■ Data in this exercise:
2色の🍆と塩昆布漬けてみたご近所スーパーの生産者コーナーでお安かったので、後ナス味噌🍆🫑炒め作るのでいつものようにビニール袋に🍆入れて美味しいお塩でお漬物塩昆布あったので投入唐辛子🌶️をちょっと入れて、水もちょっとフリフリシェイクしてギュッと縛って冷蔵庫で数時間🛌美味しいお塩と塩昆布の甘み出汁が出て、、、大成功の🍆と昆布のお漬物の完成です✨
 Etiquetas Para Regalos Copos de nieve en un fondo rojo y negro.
* * *
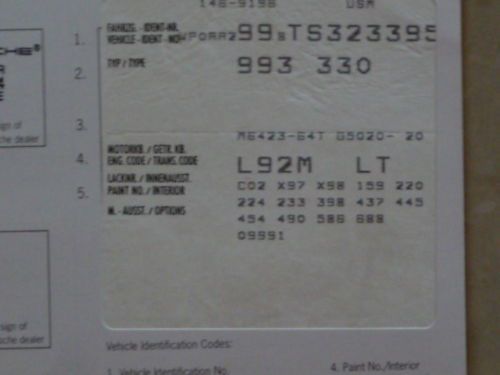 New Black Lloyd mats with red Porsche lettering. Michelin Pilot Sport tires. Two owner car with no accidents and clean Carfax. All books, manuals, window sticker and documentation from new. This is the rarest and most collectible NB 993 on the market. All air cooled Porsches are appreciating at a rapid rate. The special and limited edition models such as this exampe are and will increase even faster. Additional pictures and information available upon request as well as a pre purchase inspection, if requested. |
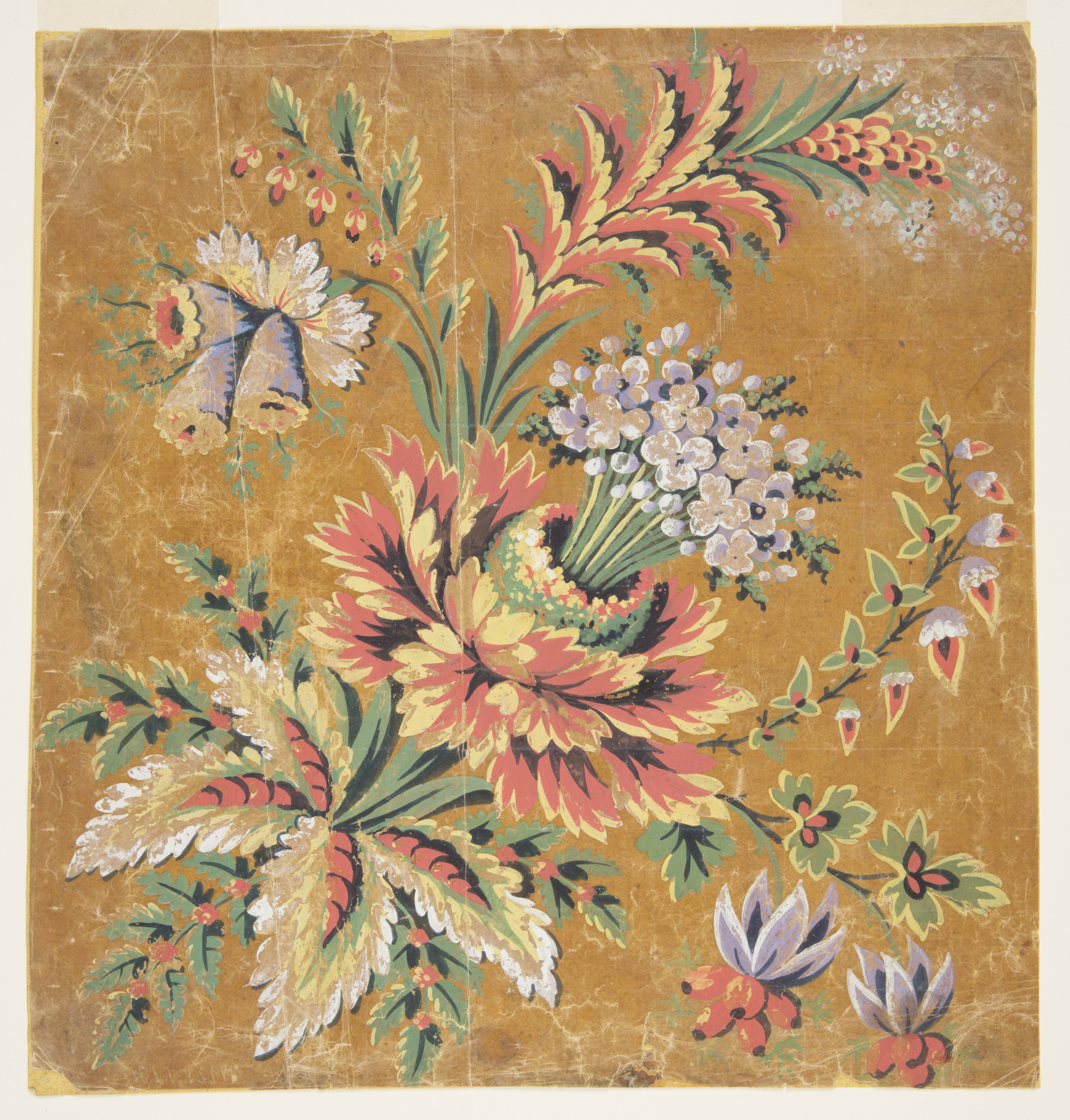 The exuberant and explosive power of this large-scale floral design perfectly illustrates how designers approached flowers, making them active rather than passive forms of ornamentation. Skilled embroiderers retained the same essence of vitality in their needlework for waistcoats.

■ Task instructions:
Copy range, inclusive: the line holding "2色の🍆と塩昆布漬けてみたご" to the line holding "Etiquetas Para Regalos". Reproduce exactly those lines of the records above and no others.

■ Answer space:
2色の🍆と塩昆布漬けてみたご近所スーパーの生産者コーナーでお安かったので、後ナス味噌🍆🫑炒め作るのでいつものようにビニール袋に🍆入れて美味しいお塩でお漬物塩昆布あったので投入唐辛子🌶️をちょっと入れて、水もちょっとフリフリシェイクしてギュッと縛って冷蔵庫で数時間🛌美味しいお塩と塩昆布の甘み出汁が出て、、、大成功の🍆と昆布のお漬物の完成です✨
 Etiquetas Para Regalos Copos de nieve en un fondo rojo y negro.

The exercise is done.